Let us sort out "bani/banaa/bane", "Darte Darte vs Dartii Dartii" and this thread once and for all! Looking at all the replies from Forum friends it appears that the waters are rather muddy regarding these grammatical matters. We have got varying degrees of agreement and disagreement in the responses. I have said elsewhere in this Forum that there are still certain matters concerning Urdu grammar which I don't have a completely clear understanding of. It seems I am not alone! I have mentioned already that the examples I gave on initiating these threads were concerned more with difference in sentence types when employing masculine and feminine subjects rather than with number (and respect).

Platts wrote his "A Grammar of the Hindustani or Urdu Language" in 1874. Of course he had help from the best works by native grammarians of the time and he acknowledges this in his preface. Apart from grammar books he says, ..."And, lastly, I have at various times obtained much valuable information from several native scholars in India and especially from maulavis Shaikh Abdullah of Kanpur, Mohammad Riza of Ilahabad, Ali Asghar of Ajmer and Safdar Ali of Jabalpur, to whom I take this opportunity of offering my grateful thanks for the aid they were always so ready to afford me in my oriental studies".

The topic under consideration is dealt in the chapter called "The Participles", On page 331, section 421. he says..

"The participles are frequently used to indicate the state or condition (Haal) of the subject or object of an action while the action is taking place. Their agreement with the _subject _is in such cases determined by the following rules:

1) If the subject of the participle be likewise that of the finite verb, the participle agrees in gender and number. (I am providing a few examples from those that he quotes).

un se laRtaa bhiRtaa us chaah par aayaa.

yih kahtii hu'ii chalii ga'ii.

dastarxvaan bichhaa hu'aa thaa.

ko'ii 3aurat baiThii hu'ii thii.

yih bhaa'ii leTaa hu'aa jaagtaa thaa.

2) But if the subject of the participle is not the same as the finite verb, both participles are constructed _absolutely_ in the locative singular, the postposition being suppressed; and the subject of the Imperfect Participle is often omitted. (Again I quote a few examples from his extensive list).

saarii raat taRapte kaTii.

maiN ne rote-bisorte kahaa.

un se laRtaa bhiRtaa roTii ko bachaa'e us chaah par aayaa = tum kyoN but-bane baiThe ho.

vuh sar niiche kiye hu'e khaRaa thaa = tum kyoN but-bane baiThe ho

malikah maile kapRe pahne baahar niklii = tum kyoN but-bane baiThii ho

vuy chupke but kii tarH baiThe sunaa kii = As above

3) If the participle in either case {i.e Imperfect or Perfect} be repeated for emphasis or to indicate a lasting or continuous state, or even if such a state is implied without the repetition of the participle, it is always constructed ab_solutely, _even though its subject be the same as that of the finite verb. (Some examples from a list of his examples).
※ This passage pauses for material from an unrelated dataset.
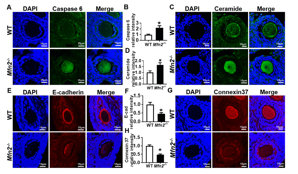 Mfn2-/- secondary follicle-enclosed oocytes show increased apoptosis associated with elevated levels of ceramide and decreased expression of E-cadherin and Connexin 37

Darte Darte maiN paas gayaa.

manzil ba-manzil chalte chalte Naishaapur meN pahuNchaa.

lekin be-kaar baiThe baithe uktaa gayaa = vuh paRe paRe biimaar ho gayaa.

vuh chupke but kii tarH sunaa kii = vuh paRe paRe biimaar ho ga'ii.
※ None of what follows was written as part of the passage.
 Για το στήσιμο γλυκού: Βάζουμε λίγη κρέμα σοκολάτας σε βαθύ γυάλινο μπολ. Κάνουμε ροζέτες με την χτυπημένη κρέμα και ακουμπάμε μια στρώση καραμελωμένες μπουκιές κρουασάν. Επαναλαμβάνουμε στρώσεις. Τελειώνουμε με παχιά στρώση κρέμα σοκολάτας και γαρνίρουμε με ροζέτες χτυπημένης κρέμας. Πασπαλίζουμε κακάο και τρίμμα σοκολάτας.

From this one can conclude that only the "-e" ending verbal forms are correct and sentences like..

vuh paRaa paRaa biimaar ho gayaa.

vuh paRii paRii biimaar ho ga'ii.

tum kyoN but-banii baithii ho.

(vuh kyoN but-banaa baithaa hai)

are all wrong!

Maulavii Abdul Haq (Baba-i-Urdu) in his "Qavaa2id-i-Urdu" published in 1914 deems the "-e" ending forms as "fasiiH" (eloquent) but does not consider the others wrong.


----------



## Alfaaz

> From this one can conclude that only the "-e" ending verbal forms are correct and sentences like..
> 
> vuh paRaa paRaa biimaar ho gayaa.
> ............
> (vuh kyoN but-banaa baithaa hai)
> 
> *are all wrong!
> 
> *Maulavii Abdul Haq (Baba-i-Urdu) in his "Qavaa2id-i-Urdu" published in 1914 deems the "-e" ending forms as "fasiiH" (eloquent) but does not consider the others wrong.
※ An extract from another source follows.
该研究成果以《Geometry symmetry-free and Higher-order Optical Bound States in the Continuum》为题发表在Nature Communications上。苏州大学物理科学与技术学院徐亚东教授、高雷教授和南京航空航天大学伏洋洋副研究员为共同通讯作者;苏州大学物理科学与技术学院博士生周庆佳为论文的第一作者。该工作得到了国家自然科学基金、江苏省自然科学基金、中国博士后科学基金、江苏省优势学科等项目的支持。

Thanks for finally solving this! Shocking  and informative! I think I like the "Baba-e-Urdu's" opinion better (as all of them seem to give a different feel/tone depending on situations)!


----------



## marrish

Thank you for a lot of research and intellectual work, it makes sense now. As I said, I don't think the other forms are wrong but they might convey a different shade of meaning.


----------